1. ${(}{x}\hspace{0.33em}{-}\hspace{0.33em}{4}{)(}{x}\hspace{0.33em}{+}\hspace{0.33em}{2}{)(}{3}{x}\hspace{0.33em}{-}\hspace{0.33em}{9}{)}\hspace{0.33em}{=}\hspace{0.33em}{0}$. Since the only way for three things multiplied together can equal zero is if any or all of the things are zero.
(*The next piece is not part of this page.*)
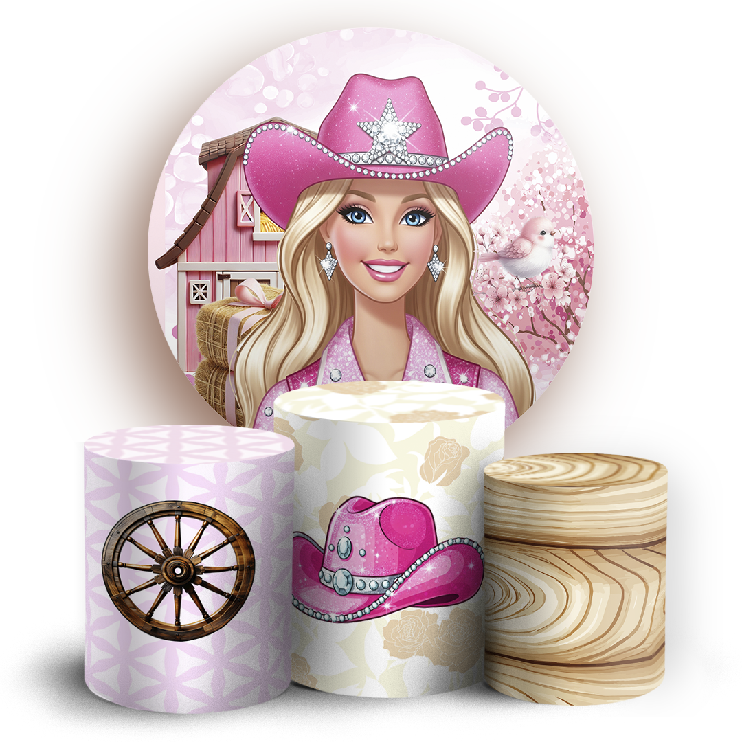 Capas Painel Redondo e Trio Cilindro Sublimado - Barbie Boiadeira

So to solve set each factor equal to zero:
$\begin{array}{l} {{x}\hspace{0.33em}{-}\hspace{0.33em}{4}\hspace{0.33em}{=}\hspace{0.33em}{0}\hspace{0.33em}\hspace{0.33em}\Longrightarrow\hspace{0.33em}\hspace{0.33em}{x}\hspace{0.33em}{=}\hspace{0.33em}{4}}\\ {{x}\hspace{0.33em}{+}\hspace{0.33em}{2}\hspace{0.33em}{=}\hspace{0.33em}{0}\hspace{0.33em}\hspace{0.33em}\Longrightarrow\hspace{0.33em}{x}\hspace{0.33em}{=}\hspace{0.33em}{-}{2}}\\ {{3}{x}\hspace{0.33em}{-}\hspace{0.33em}{9}\hspace{0.33em}{=}\hspace{0.33em}{0}\hspace{0.33em}\hspace{0.33em}\Longrightarrow\hspace{0.33em}{x}\hspace{0.33em}{=}\hspace{0.33em}{3}} \end{array}$

1. ${x}^{2}\hspace{0.33em}{-}\hspace{0.33em}{9}{x}\hspace{0.33em}{=}\hspace{0.33em}{0}$. Using the distributive property to un-distribute the x you get ${x}{(}{x}\hspace{0.33em}{-}\hspace{0.33em}{9}{)}\hspace{0.33em}{=}\hspace{0.33em}{0}$. Now setting each factor equal to zero results in
$\begin{array}{l} {{x}\hspace{0.33em}{=}\hspace{0.33em}{0}}\\ {{x}\hspace{0.33em}{-}\hspace{0.33em}{9}\hspace{0.33em}{=}\hspace{0.33em}{0}\hspace{0.33em}\hspace{0.33em}\Longrightarrow\hspace{0.33em}\hspace{0.33em}{x}\hspace{0.33em}{=}\hspace{0.33em}{9}} \end{array}$
1.  ${x}^{2}\hspace{0.33em}{=}\hspace{0.33em}{121}$. Taking the square root of both sides and remembering that this action introduces two plus or minus answers results in $\sqrt{{x}^{2}}\hspace{0.33em}{=}\hspace{0.33em}\sqrt{121}\hspace{0.33em}\hspace{0.33em}\Longrightarrow\hspace{0.33em}\hspace{0.33em}{x}\hspace{0.33em}{=}\hspace{0.33em}\pm\hspace{0.33em}{11}$
2. $\frac{4{x}^{7}{y}^{8}}{{x}^{3}{y}^{7}}$. You need to remember the rule that when you have the same base with exponents in the numerator and denominator, you subtract the exponents. So

$\frac{4{x}^{7}{y}^{8}}{{x}^{3}{y}^{7}}\hspace{0.33em}{=}\hspace{0.33em}{4}{x}^{{7}{-}{3}}{y}^{{8}{-}{7}}\hspace{0.33em}{=}\hspace{0.33em}{4}{x}^{4}{y}$ where the “1” exponent of y can be left off.